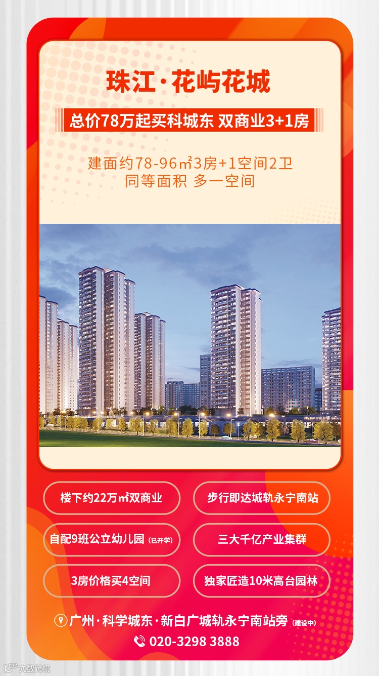 免责声明:1、本宣传资料仅为要约邀请 ,所有文字和图片仅供参考,不作为开发商的销售承诺及要约内容,买卖双方权利义务均以实际签订的商品房合同约定为准。2、本宣传资料对周边环境、政府规划、商业配套、教育资源、地铁、城轨、高速、投资前景等信息为截止于2025年4月的情况,有关介绍仅为提供相关信息,并不作为开发商的销售承诺和要约内容,前述信息可能因政府规划调整及开发商无法控制、预测原因而出现变化,以最新公布的政府文件及相关官方信息为准。3、本宣传资料对项目周边幼儿园、学校等教育配套资源的介绍旨在提供相关信息,并不意味着本公司对就学安排做出承诺。教育资源的名称、办学性质、办学规模、学位位置、开学(班)时间、招生条件、收费标准及招生区域存在调整的可能,应以教育主管部门及办学方颁布的政策规定为准。4、部分图片来源网络,如有侵权,请联系删除。5、本活动宣传推广细则以楼盘现场执行政策为准。活动礼品领取以各楼盘现场实物及政策为准,数量有限,领完即止,开发商保留对宣传资料更新、修改的权利,敬请留意最新宣传资料。6.本宣传资料解释权,在相关法律范围内归广州珠实地产有限公司及旗下项目开发商所有。宣传资料制作时间:2025年4月。
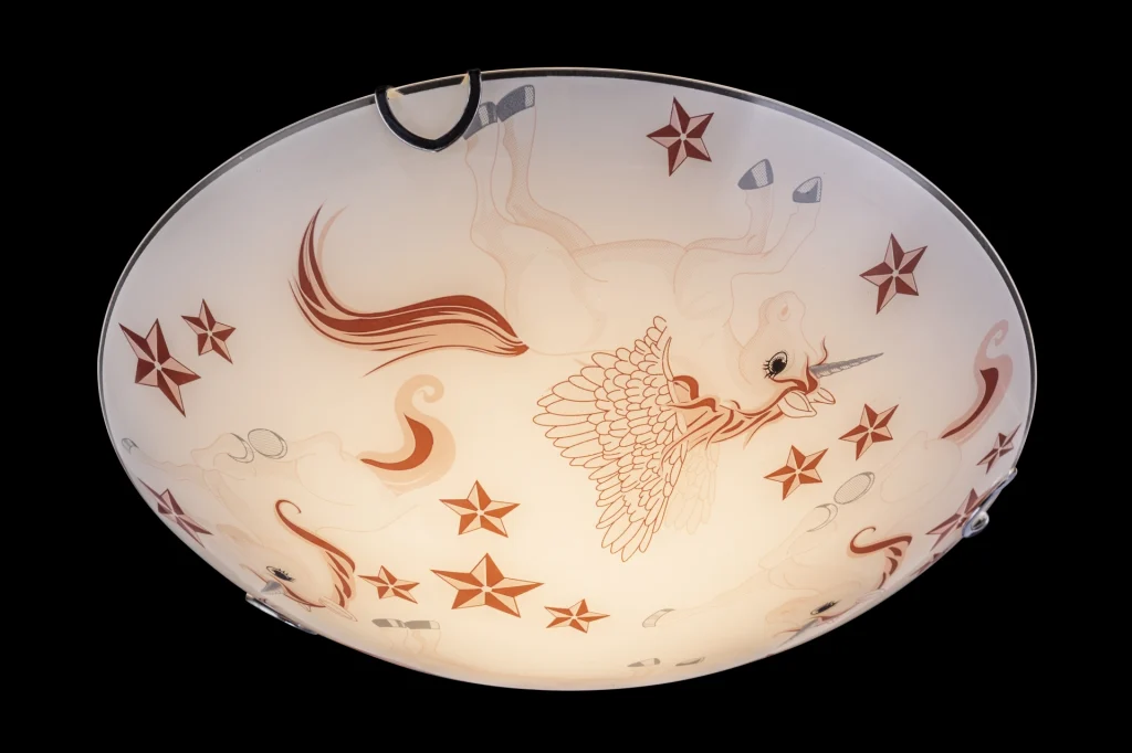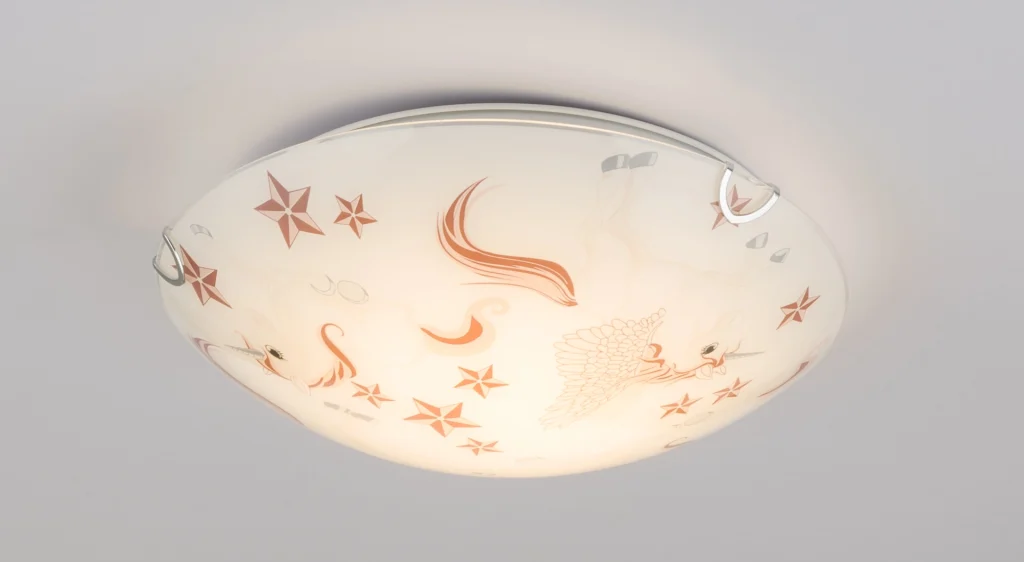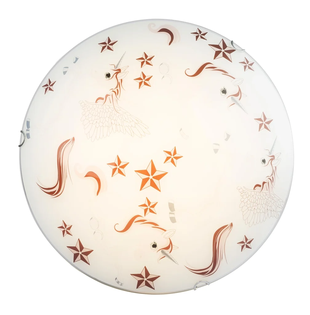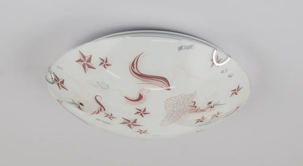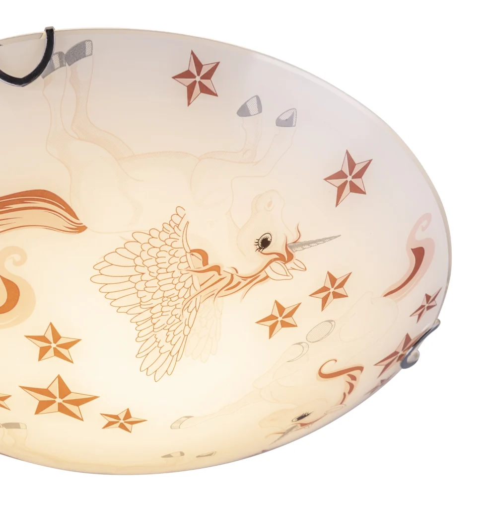 Ova okrugla plafonska lampa (Ø30 cm) je posebno pogodna za dečije sobe sa svojim belim i ružičastim staklom sa motivima jednoroga. Ova plafonska lampa pruža jako svetlo neutralne bele boje svetlosti od 4000K sa ugrađenom LED diodom od 960 lumena.
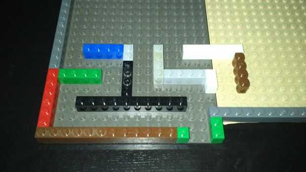 Empieza clavando tiras largas todo alrededor de la base cerrando todos los bordes excepto una puerta con un grosor de dos pinchos de Lego.
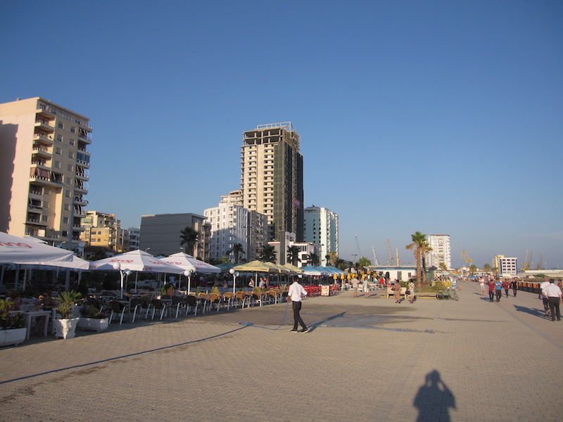 Nach einer Mittagspause brachen wir dann zu einer ersten Erkundung der Stadt Durrës auf. Sie ist im 7. vorchristlichen Jahrhundert von griechischen Kolonisatoren aus Korinth und Korfu gegründet und im Jahr 229 v. Chr. von den Römern erobert worden, die sie fortan Dyrrhachium nannten. Nach bewegten Jahrhunderten kam die Stadt Anfang des 13. Jahrhunderts in den Besitz der Republik Venedig. Auf den großen Stadtturm und die Reste der Stadtmauer aus dieser Zeit trafen wir schon bald auf unserer Erkundungstour. Dann ließen wir uns auf dem Boulevard Epidamni an den frisch renovierten Geschäftshäusern aus den 1920er und 1930er Jahren vorbei hoch und `runter treiben. Anschließend ging’s auf den westlich des Hafengeländes großzügig angelegten, wenn auch nicht unbedingt schönen Strandboulevard. Auf diesem fanden sich – der Abend rückte näher – immer mehr Menschen ein, vor allem Auslandsalbaner, wie von Tim angekündigt.
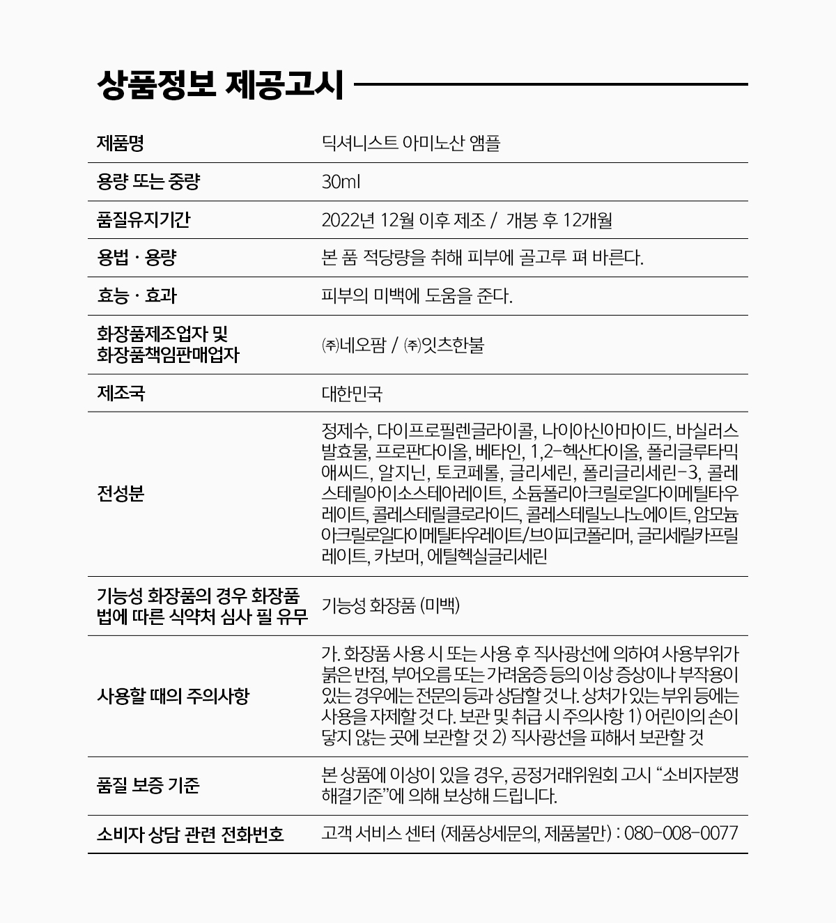 Dictionary Amino Acid Ampoule 30ml _Y / 딕셔니스트 아미노산 앰플 30ml Y
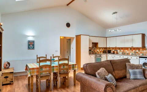 Questa casa di 3 stanze chiamata "Sweetpea Barn" ha un'area abitativa di 90 metri quadrati e può ospitare comodamente fino a 4 adulti. Presenta un accogliente soggiorno con un camino a focolare aperto, creando un'atmosfera calda e accogliente per le vostre vacanze. I locali per dormire consistono in una camera con due letti e un'altra camera con un letto singolo francese, offrendo ampio spazio per il vostro gruppo.
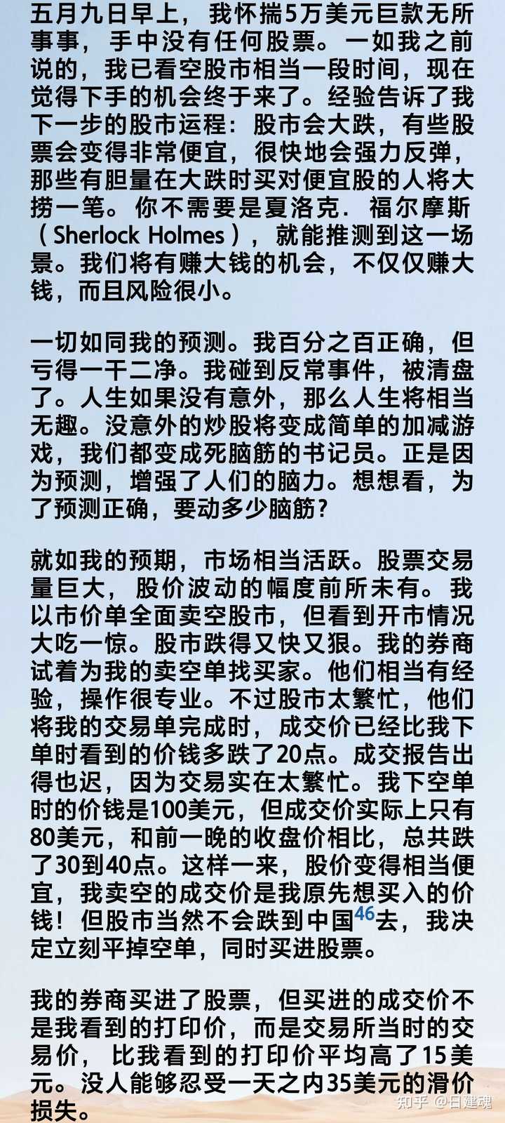 此时另外一位手持比特币的老哥,同样也预判到了我的预判。 身怀此等奇思妙想的他,想必同样也是一表人才…(此处省略一堆赞美之词) 机智的他,估计跟我一样,这个时候突然发现交易所里比特币对USD1的价格很合适,几乎没什么溢价。 既然用USDT和USDC换没啥赚头,那我干嘛不直接用比特币原价兑换? 于是便果断出手,点击一键卖出了。 在点击卖出之前,可能是功能饮料之类的喝多了。整个人显得比较亢奋,或者说,急不可耐。 在市价单和现价单两个选项当中,选择了市价成交。 从动机上来看,我非常理解他的心情。 毕竟大家各显神通,来回付出了这么多溢价费用。仅仅一个月的活动,到最后都还不知道究竟能吃到几个点的年化。 而这位老哥仅仅只是脑筋急转弯,换了一条别的赛道,就可以完整吃到收益,还不用到处折腾。 说实话,那一刻连我都忍不住想说一句: 干的漂亮! 那我为什么没有这么做呢? 因为以前吃过这方面的亏。 2022年,身逢美联储加息的大熊市。 当时的我在找机会做空比特币。 等到某天机会真的来了,比特币选择向下突破,于是那天深夜我果断追了进去。 结果前一秒显示的价格还是40600,等我用市价下单后成交价竟然变成了39800。 道理我都懂,可就这一秒钟滑点800美元也太离谱了吧? 而且这可是比特币,几万亿的市值,全球流动性最好的资产之一。 吃到教训的我从那以后再也没用过市价单。 其实早在一百多年前,有个小学一毕业就出来打工的美国少年,四十多岁正值意气风发的他,曾经接受采访,口述过一本名为股票大作手的回忆录。 里面清清楚楚地记录了,他第二次破产的整个过程和具体原因: |
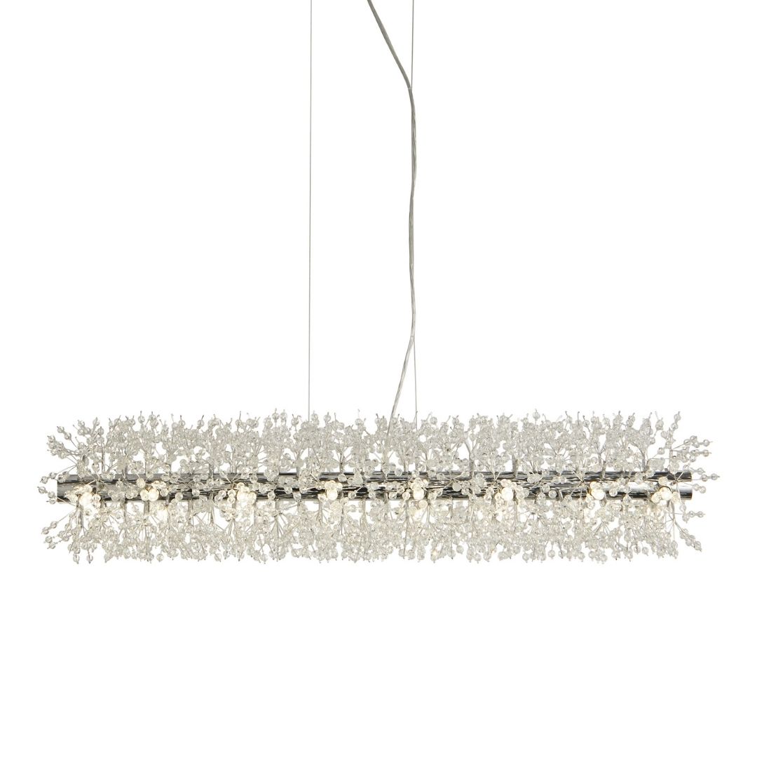 Searchlight závěsné svítidlo barva chrom a čirá, povrchová úprava pokovení lesk, použitý materiál je měkká ocel a sklo. Rozměry v cm: celková výška: 150, výška: 22, šířka: 100, délka: 22, projekce: 0. Světelný zdroj objímka G9, potřeba žárovek 16, světelný zdroj není v balení, doporučený typ žárovky od výrobce je G9 na max. 33W.
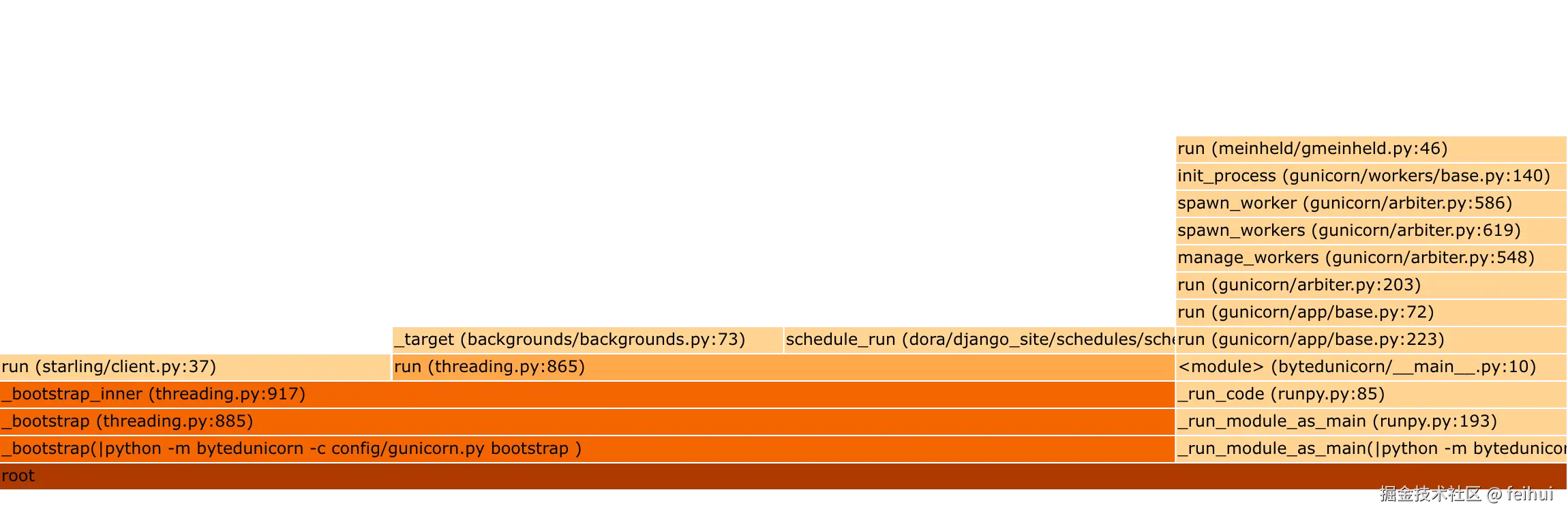 从火焰图学习流程是一个特别快接的办法,以下源码基于最新的 Gunicorn master 分支进行分析。可以看到执行流程如下:

* * * * * * *

* TRY IT
For this exercise, reproduce exactly the lines of the records above from the one with "Empieza clavando tiras" up to and including the one with "Questa casa di", without pictures.

* TASK ANSWER
 Empieza clavando tiras largas todo alrededor de la base cerrando todos los bordes excepto una puerta con un grosor de dos pinchos de Lego.
 Nach einer Mittagspause brachen wir dann zu einer ersten Erkundung der Stadt Durrës auf. Sie ist im 7. vorchristlichen Jahrhundert von griechischen Kolonisatoren aus Korinth und Korfu gegründet und im Jahr 229 v. Chr. von den Römern erobert worden, die sie fortan Dyrrhachium nannten. Nach bewegten Jahrhunderten kam die Stadt Anfang des 13. Jahrhunderts in den Besitz der Republik Venedig. Auf den großen Stadtturm und die Reste der Stadtmauer aus dieser Zeit trafen wir schon bald auf unserer Erkundungstour. Dann ließen wir uns auf dem Boulevard Epidamni an den frisch renovierten Geschäftshäusern aus den 1920er und 1930er Jahren vorbei hoch und `runter treiben. Anschließend ging’s auf den westlich des Hafengeländes großzügig angelegten, wenn auch nicht unbedingt schönen Strandboulevard. Auf diesem fanden sich – der Abend rückte näher – immer mehr Menschen ein, vor allem Auslandsalbaner, wie von Tim angekündigt.
 Dictionary Amino Acid Ampoule 30ml _Y / 딕셔니스트 아미노산 앰플 30ml Y
 Questa casa di 3 stanze chiamata "Sweetpea Barn" ha un'area abitativa di 90 metri quadrati e può ospitare comodamente fino a 4 adulti. Presenta un accogliente soggiorno con un camino a focolare aperto, creando un'atmosfera calda e accogliente per le vostre vacanze. I locali per dormire consistono in una camera con due letti e un'altra camera con un letto singolo francese, offrendo ampio spazio per il vostro gruppo.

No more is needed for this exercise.